_Extracted records_.
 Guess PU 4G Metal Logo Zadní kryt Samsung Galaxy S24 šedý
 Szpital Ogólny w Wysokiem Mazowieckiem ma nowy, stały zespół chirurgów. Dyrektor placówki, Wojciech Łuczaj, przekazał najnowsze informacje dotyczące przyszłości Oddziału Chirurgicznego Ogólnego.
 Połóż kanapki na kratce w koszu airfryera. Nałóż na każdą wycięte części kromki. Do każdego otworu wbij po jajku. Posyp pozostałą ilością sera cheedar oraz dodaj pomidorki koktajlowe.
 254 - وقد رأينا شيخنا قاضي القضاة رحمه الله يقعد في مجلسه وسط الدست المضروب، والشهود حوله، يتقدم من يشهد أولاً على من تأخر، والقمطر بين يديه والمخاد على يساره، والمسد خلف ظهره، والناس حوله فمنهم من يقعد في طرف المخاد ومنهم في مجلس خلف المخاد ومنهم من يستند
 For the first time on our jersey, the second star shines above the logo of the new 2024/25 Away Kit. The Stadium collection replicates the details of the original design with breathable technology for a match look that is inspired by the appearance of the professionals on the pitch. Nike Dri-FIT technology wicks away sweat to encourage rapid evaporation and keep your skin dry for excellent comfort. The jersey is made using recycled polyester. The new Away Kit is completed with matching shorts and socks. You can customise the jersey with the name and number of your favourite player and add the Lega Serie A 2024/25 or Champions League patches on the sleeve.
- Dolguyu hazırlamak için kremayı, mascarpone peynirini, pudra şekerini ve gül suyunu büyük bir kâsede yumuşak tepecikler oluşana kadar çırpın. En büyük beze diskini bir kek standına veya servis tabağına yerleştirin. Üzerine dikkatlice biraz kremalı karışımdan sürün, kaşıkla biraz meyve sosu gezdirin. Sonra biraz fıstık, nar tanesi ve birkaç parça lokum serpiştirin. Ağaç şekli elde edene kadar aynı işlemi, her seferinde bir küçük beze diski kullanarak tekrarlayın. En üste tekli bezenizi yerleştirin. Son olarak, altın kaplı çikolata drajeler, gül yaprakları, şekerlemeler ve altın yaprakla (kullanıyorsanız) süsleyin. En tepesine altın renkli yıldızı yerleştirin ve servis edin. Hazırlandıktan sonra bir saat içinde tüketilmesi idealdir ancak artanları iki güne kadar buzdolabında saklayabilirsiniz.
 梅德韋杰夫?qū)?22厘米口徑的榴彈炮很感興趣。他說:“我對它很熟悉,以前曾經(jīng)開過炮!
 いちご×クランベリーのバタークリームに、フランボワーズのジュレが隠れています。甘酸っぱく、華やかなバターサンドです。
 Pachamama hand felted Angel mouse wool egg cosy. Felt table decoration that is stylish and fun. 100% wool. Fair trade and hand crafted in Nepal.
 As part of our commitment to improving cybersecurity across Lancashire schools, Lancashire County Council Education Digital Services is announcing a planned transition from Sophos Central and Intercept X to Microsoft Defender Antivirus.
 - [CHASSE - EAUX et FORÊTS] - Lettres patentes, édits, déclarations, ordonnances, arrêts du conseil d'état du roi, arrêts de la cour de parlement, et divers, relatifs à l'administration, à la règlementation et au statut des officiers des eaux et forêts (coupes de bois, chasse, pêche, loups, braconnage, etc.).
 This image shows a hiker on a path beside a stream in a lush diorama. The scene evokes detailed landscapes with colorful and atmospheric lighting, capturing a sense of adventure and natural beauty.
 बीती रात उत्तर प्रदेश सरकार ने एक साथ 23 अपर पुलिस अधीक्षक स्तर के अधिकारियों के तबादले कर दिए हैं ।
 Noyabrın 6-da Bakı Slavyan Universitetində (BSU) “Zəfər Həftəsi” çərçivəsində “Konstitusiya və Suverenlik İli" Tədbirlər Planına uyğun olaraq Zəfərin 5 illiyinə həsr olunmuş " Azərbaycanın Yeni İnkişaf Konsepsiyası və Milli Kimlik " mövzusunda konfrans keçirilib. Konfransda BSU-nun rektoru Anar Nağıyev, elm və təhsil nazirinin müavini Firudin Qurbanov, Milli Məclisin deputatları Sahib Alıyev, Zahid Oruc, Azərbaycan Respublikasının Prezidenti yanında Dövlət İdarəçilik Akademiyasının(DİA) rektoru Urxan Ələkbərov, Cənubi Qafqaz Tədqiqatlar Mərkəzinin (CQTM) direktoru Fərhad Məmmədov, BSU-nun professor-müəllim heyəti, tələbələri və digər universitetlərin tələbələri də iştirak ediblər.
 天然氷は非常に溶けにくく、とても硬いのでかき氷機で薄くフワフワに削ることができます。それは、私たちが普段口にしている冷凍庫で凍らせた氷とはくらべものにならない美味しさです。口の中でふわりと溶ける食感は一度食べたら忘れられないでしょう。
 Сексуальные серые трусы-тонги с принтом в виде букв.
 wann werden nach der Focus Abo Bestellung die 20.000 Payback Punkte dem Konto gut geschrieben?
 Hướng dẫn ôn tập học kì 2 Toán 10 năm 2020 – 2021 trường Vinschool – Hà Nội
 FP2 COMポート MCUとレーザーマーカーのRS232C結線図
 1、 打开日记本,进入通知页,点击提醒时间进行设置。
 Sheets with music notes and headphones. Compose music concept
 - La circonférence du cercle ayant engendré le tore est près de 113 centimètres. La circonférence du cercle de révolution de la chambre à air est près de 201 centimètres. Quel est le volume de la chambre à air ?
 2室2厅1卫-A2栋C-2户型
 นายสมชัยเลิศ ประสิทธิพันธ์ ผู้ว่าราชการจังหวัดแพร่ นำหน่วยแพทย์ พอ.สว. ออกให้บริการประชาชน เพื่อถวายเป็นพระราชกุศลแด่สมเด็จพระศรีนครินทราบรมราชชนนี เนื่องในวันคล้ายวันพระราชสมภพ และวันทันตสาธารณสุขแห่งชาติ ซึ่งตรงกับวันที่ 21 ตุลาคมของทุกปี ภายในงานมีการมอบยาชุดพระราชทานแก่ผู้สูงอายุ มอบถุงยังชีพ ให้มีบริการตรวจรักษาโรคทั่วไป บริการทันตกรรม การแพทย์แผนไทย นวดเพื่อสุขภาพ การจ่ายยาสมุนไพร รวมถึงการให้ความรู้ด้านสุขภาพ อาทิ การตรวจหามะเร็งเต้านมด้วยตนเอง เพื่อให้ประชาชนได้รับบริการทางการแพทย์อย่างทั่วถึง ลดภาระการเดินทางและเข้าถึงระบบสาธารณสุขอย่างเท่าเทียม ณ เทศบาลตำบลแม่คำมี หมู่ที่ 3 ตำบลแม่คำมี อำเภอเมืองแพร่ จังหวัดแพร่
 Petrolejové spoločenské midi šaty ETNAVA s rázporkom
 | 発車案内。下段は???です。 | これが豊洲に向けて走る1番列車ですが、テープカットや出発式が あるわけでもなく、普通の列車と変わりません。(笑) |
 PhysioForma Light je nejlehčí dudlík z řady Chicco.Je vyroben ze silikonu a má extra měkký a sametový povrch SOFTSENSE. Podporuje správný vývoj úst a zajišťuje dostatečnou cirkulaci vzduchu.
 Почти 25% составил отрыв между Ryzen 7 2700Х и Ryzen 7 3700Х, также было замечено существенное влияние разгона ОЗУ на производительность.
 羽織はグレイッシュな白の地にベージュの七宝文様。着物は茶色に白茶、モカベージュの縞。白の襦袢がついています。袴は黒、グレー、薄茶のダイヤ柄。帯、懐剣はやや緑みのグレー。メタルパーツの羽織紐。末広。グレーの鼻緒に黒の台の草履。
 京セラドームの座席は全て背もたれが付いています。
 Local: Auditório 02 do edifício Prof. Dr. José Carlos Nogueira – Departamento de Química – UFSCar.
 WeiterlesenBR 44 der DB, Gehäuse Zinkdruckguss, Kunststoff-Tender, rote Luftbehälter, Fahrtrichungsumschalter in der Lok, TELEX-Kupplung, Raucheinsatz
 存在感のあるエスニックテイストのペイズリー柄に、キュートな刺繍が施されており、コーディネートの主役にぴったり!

_Prompt_. In the listing above, find the line with "This image shows" and the line with "बीती रात उत्तर"; set down exactly those two lines and every line between them, nothing more.

_Result_.
 This image shows a hiker on a path beside a stream in a lush diorama. The scene evokes detailed landscapes with colorful and atmospheric lighting, capturing a sense of adventure and natural beauty.
 बीती रात उत्तर प्रदेश सरकार ने एक साथ 23 अपर पुलिस अधीक्षक स्तर के अधिकारियों के तबादले कर दिए हैं ।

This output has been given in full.